Benedetta

Possession

Elle est le corps du Christ et le corps du désir : Virginie Efira fait l’offrande de son corps à la possession, mystique et érotique, dans Benedetta de Paul Verhoeven. Avec la résurrection cinématographique de cette nonne au XVIIe siècle, le cinéaste néerlandais image un art du grotesque. 

 

Dieu, la nonne et l’amante. Le ménage est à trois dans l’histoire vraie de l’abbesse Benedetta Carlini de Vellano, révélée par l’historienne américaine Judith C. Brown, qui a narré sa vie mystique et sexuelle dans Soeur Benedetta, entre sainte et lesbienne  (Gallimard, 1987).  Son cas a été exhumé des Archives d’État de Florence, qui conservait les transcriptions d’une série d’enquêtes, menées entre 1619 et 1623, sur la religieuse du couvent des Théatines de Pescia. La mise au jour de cette histoire documente la vie sexuelle au sein de l’institution religieuse, à la fois tabou et interdit. L’amour de Dieu ne peut tolérer le péché de chair. Encore moins le sexe saphique, l’absolue et inconvenante luxure. Sœur Benedetta fut condamnée à la prison, enfermée dans une cellule du couvent florentin, où elle est décédée quelque trente-cinq ans plus tard. 
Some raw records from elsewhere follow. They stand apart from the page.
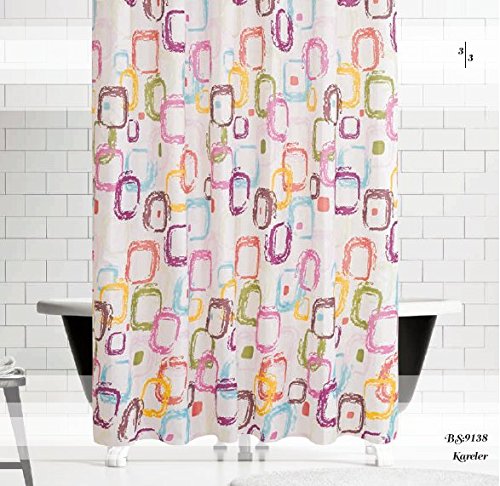 Multicolor Shower Curtain- Geometric Design Watercolor Effected Abstract Art Bathroom Accessory with Hooks - 72 x 78 Inches - Purple Blue Yellow
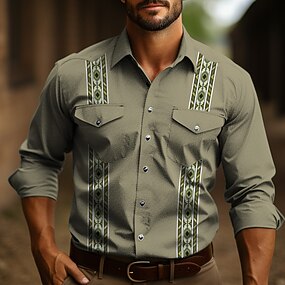 男性用 トライバル グラフィック ビンテージ シャツ ウエスタンシャツ カウボーイシャツ 長袖 ファッション デザイナー カジュアル アウトドア 日常 秋冬 折襟 プリント ライトグリーン ダスティローズ ブルー グリーン
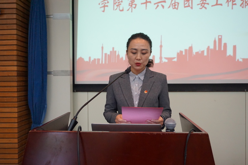 港航院团委书记王玲老师代表第十六届团委委员会做工作报告,回顾与总结了两年来港航院团委在“凝聚青年、服务大局、当好桥梁、从严治团”四个方面所做的工作,展望了学院共青团未来在“思想引领、素质拓展、权益服务和组织提升”四大板块的发展和规划。会议选举产生了SEX8 第十七届团委委员:王玲、卢望、张同鑫、陈茂飞、陈诗佳、范琦琦、林凡、季超、施逸辰、顾钰恒、钱金炜。
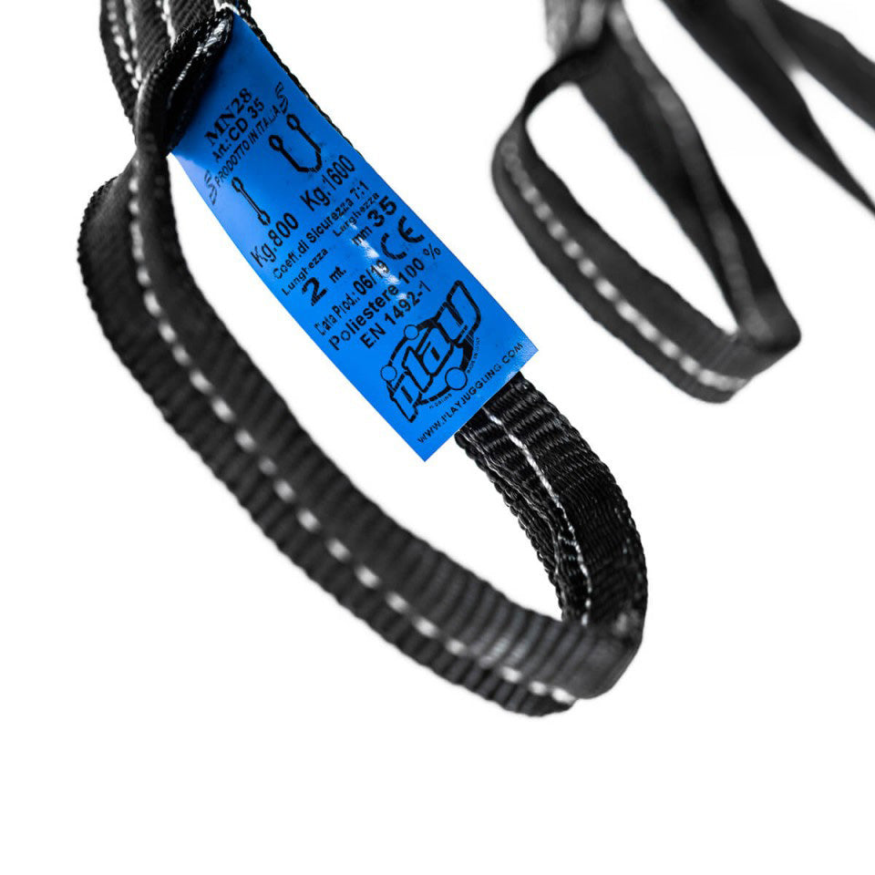 CEND type polyester band mm. 35, color BLACK, double layer, length 1.5m - 2.00mt - 2.5mt. Capacity 800 kg. in single, 1,600 kg in double, safety factor 1: 7. Certified and CE marked. Produced in Italy

Nonne lesbienne dans l’Italie de la Renaissance, Benedetta n’est pas une figure écartelée entre la religion et le sexe : elle réconcilie la sainte et la putain, dans une communion inattendue. Elle apparaît d’autant plus dérangeante pour l’Église, que son impureté sexuelle se double d’un élan mystique. Ses visions, ses transes, ses stigmates font-ils signe à l‘imposture ? Ou Benedetta est-elle une sainte révélée par les faveurs divines ? L’Église choisit de la diaboliser et de juger ses miracles simulés : des crimes religieux. 

Possédée, extatique, trouble, Benedetta est une figure idéale pour le cinéaste Paul Verhoeven, 82 ans : il prolonge avec ce personnage l’exploration d’un féminin puissant, après Basic Instinct (1992) et Elle (2016). Le récit qui conduit à la chute et à la disgrâce de la nonne lesbienne, dans un affrontement avec les autorités ecclésiastiques, se concentre non pas sur l’Inquisition dont elle fut victime, son sort tragique, mais sur le lesbianisme de la religieuse dans le huis clos nocturne du couvent, qui constitue sa ligne de force narrative. 

Benedetta est un film de sexe, et comment le sexe, in fine, déstabilise une institution. Le cinéaste néerlandais met en scène le corps et son acmé orgasmique. Il filme la nudité de Virginie Efira, qui joue avec une liberté impressionnante la folie de la jouissance et l’accomplissement de la sexualité, simulant un vertige extatique troublant. Sa partenaire Daphné Patakia se déshabille moins, mais la jeune actrice, que l’on avait découverte dans Djam de Tony Gatlif (2017), donne au personnage plus immédiatement viscéral de Benedetta, comme un contrepoint fantasmé : l’une est le corps du plaisir, quand l’autre est l’objet du désir.   

Paul Verhoeven s’applique à un art du grotesque mêlé d’effroi qui glorifie avec outrance la force libératrice et l’excès des amours lesbiennes interdites et subversives de Benedetta – violence, cruauté, perversité en sont aussi les expressions radicales. Le cinéaste ne craint pas de recourir à une imagerie lourde et démonstrative, faisant signe explicite à l’énergie sexuelle, comme quand il fait se dresser un serpent comme une pulsion irrépressible. Du grotesque au ridicule, il n’y a, hélas, jamais loin.